During the beginning of January, massive wildfires made their way across the state of Los Angeles, leaving nothing but destruction in their wake. They went on for four weeks before they were fully contained, and the damage was immeasurable.
At first, it was a small fire which was common for California and didn’t pose any reason to be a cause for concern until it continued to grow and grow until it became near unstoppable.
“My initial reaction was ‘It’s fire season. It happens every year [and] they go away in a few days.’ Then as they [get] worse it [started] to worry me,” senior Gianna Warren said. “[I] started wondering why they aren’t stopping them faster.”
“As soon as I got home, we were able to get out. An hour later, we managed to go back, and the house was fully engulfed,” veteran Los Angeles Fire Department member Capt.

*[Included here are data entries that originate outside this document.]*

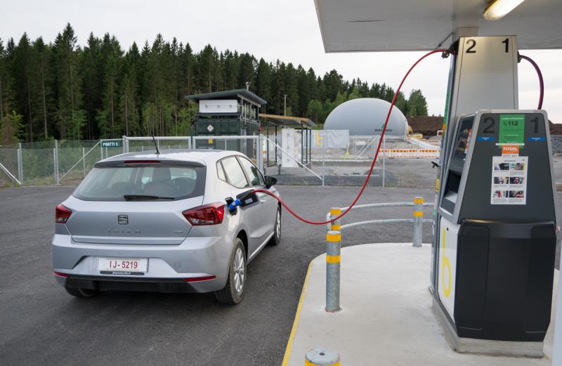 Mustankorkean jäteasemalla tankkasimme autot täyteen paikallista biokaasua. Kaasun tankkaus oli superhelppoa verrattuna bensan ja dieselin kilpailutankkauksiin! Pumppu täyttää kaasutankin parissa minuutissa ja lopettaa automaattisesti, kun kaasua ei mahdu tankkiin enempää.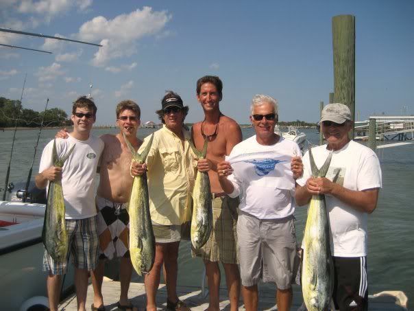 Fishin was slow for the first 2 hours, but then finally got my father in law his first bill, a sail, in 220 ft of water. Got 5 dolphin and lost 3 more due to rubber hooks. Then pulled the hook on another sail and decided it was time to head to the hill. Home early at 2pm.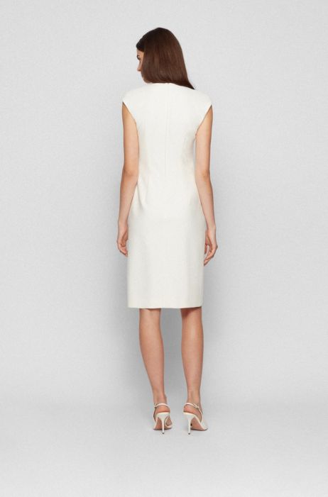 Cute overlapping detail on the front. 17 Underarm to end of sleeve. Designers took a classic long-sleeve shift dress to the next level with unexpected details like an overlapping panel in the front and a shiny exposed zipper in the back.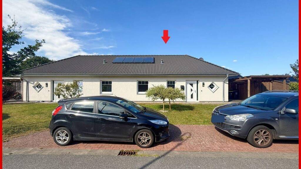 Die Ausstattung entspricht dem Baujahr 2014. Modernisierungsmaßnahmen sind hier nicht notwendig. Das Haus ist sofort zum Einzug bereit. - Das Dach wurde mit einer Betonsteinpfanne gedeckt. Eine Solarthermieanlage sorgt für eine unabhängige Energieversorgung zur Warmwassererzeugung. - Beheizt wird das Haus über eine Gasbrennwerttherme, die beide Einheiten versorgt. - Die Kunststofffenster sind 3-fach verglast. Die eingearbeiteten Sprossen schaffen ein gemütliches Wohnambiente. - Der ca. 27 m² große, offene Wohn-, Ess- und Küchenbereich sorgt für ein kommunikatives Miteinander. - Das zeitlos gestaltete Badezimmer ist mit einer ebenerdigen Dusche ausgestattet. - Die Bodenbeläge sind allergikerfreundlich und variieren zwischen Fliesen und PVC-Designerplanke.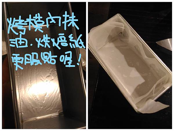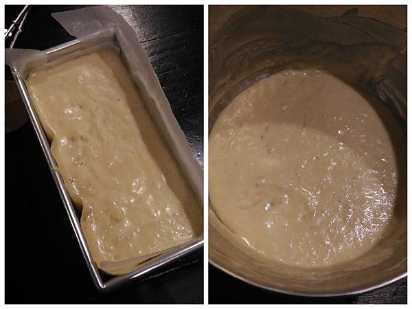 Step6 : 完全混合後,倒入烤模 (用竹籤來回於畫幾次,將泡泡劃破)
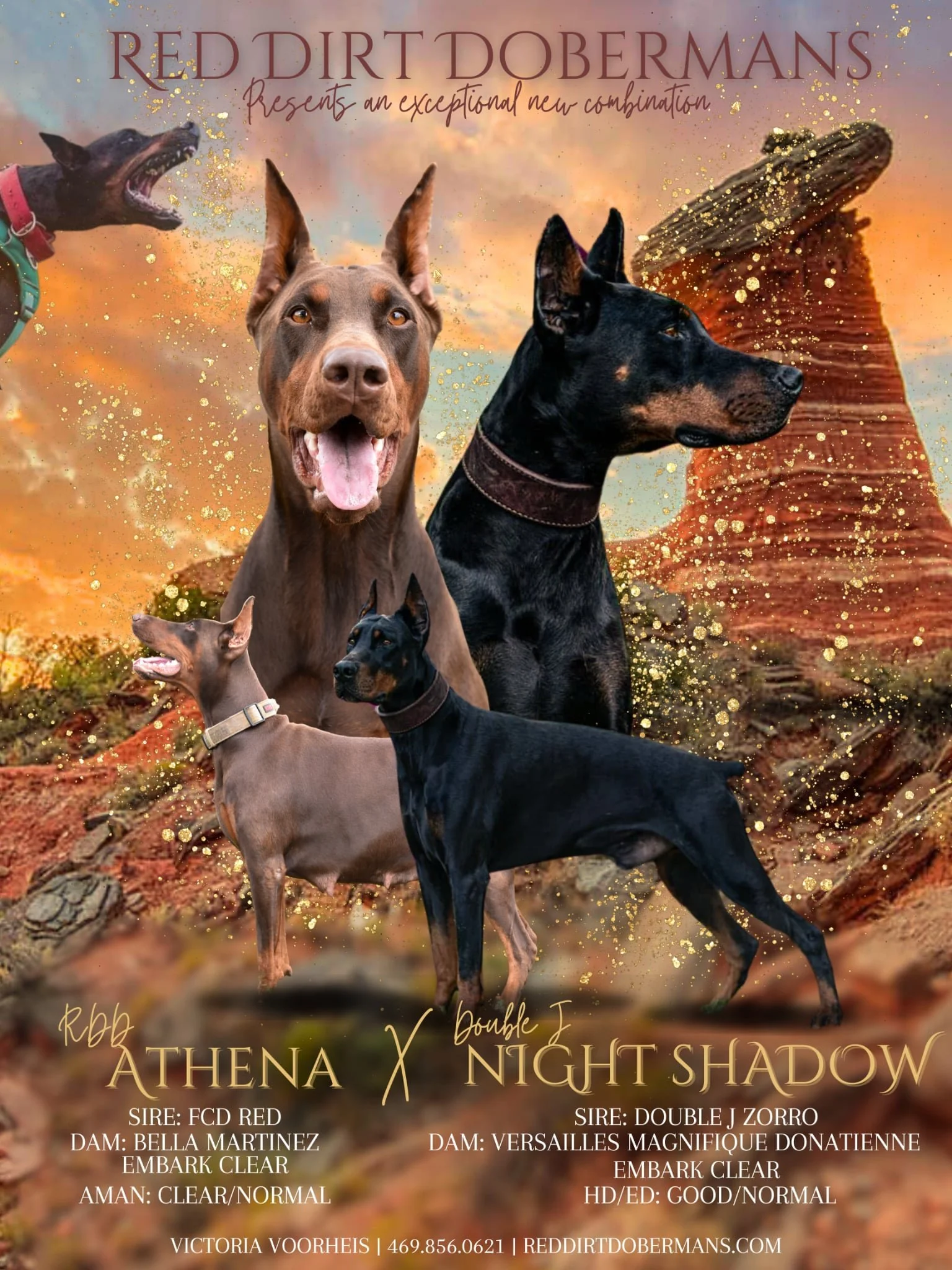 Feel free to contacts regarding any questions at reddirtdobermans@yahoo.com

Jerry Puga said. “We lost the house, the property, the materials — but the family is safe, and that’s the most important thing.”
No one truly knows how the fires began, but theories have been brought up about what could have caused such a devastating fire to ignite. Some believe it was the winds that had allowed the originally small fire to grow to enormous size, others think global warming played a part in all of this.

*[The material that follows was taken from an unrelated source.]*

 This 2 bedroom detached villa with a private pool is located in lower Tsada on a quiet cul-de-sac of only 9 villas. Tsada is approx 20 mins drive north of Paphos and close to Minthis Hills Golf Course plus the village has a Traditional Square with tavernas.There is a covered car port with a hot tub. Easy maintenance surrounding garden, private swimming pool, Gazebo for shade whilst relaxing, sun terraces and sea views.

“I believe it was the Santa Ana winds. [T]hey blow through every year and with the dry texture of the plants it catches so fast,” Warren said. “I heard people might’ve started it [and] while that might be true, the Santa Ana winds for sure was the reason it kept spreading.”
Regardless of what started these fires, they’ve destroyed over 57,000 acres of land and placed Los Angeles in heavy debt. It will take approximately a year before the property damage is paid off.
“As the ashes settle, the region faces an invisible threat beneath the charred remains,” writer for the Los Angeles Times Augusto Gonzalez-Bonorio said. “Compromised soil structures, contaminated watersheds and ecosystems stripped of their natural defenses — wounds that will bleed for years to come.”
Thousands of people have lost their homes and 29 people were reported dead. The loss in houses and apartments has only skyrocketed the cost in damages even further than they already were.
“The reduction in the supply of housing is going to raise prices,” senior research fellow and director emeritus of the Center for Risk and Economic Analysis of Threats and Emergencies at the University of Southern California Adam Rose said. “The only thing that’s going to offset that is if people move elsewhere.”=
Los Angeles and its people are in desperate need of aid. The wildfires that surged through it have caused more destruction than any natural disaster the state has ever seen. They will need all the help they can get if they want a chance at restoring the community they once were.
“When I saw that other cities, states and countries were coming to help fight the fires, I cried,” civilian Justine E. Larsen said. “While we may have differences in language, religion or political beliefs, we are all human. I’m so grateful that many took this as an opportunity to put love and kindness first.”
Fire is a dangerous force of nature. It is destructive and merciless when set loose. When fire grows too big, its disastrous nature is fully shown. Los Angeles got a glimpse of what fire can be and now they must reconstruct what the fire took.
“This [has given] me more motivation to train harder than ever to help people and save the poor people that lost their [lives] and homes,” Warren said. “I believe I can make a change. My drive to become a firefighter is to help people that are not capable [of] saving themselves or their loved ones.”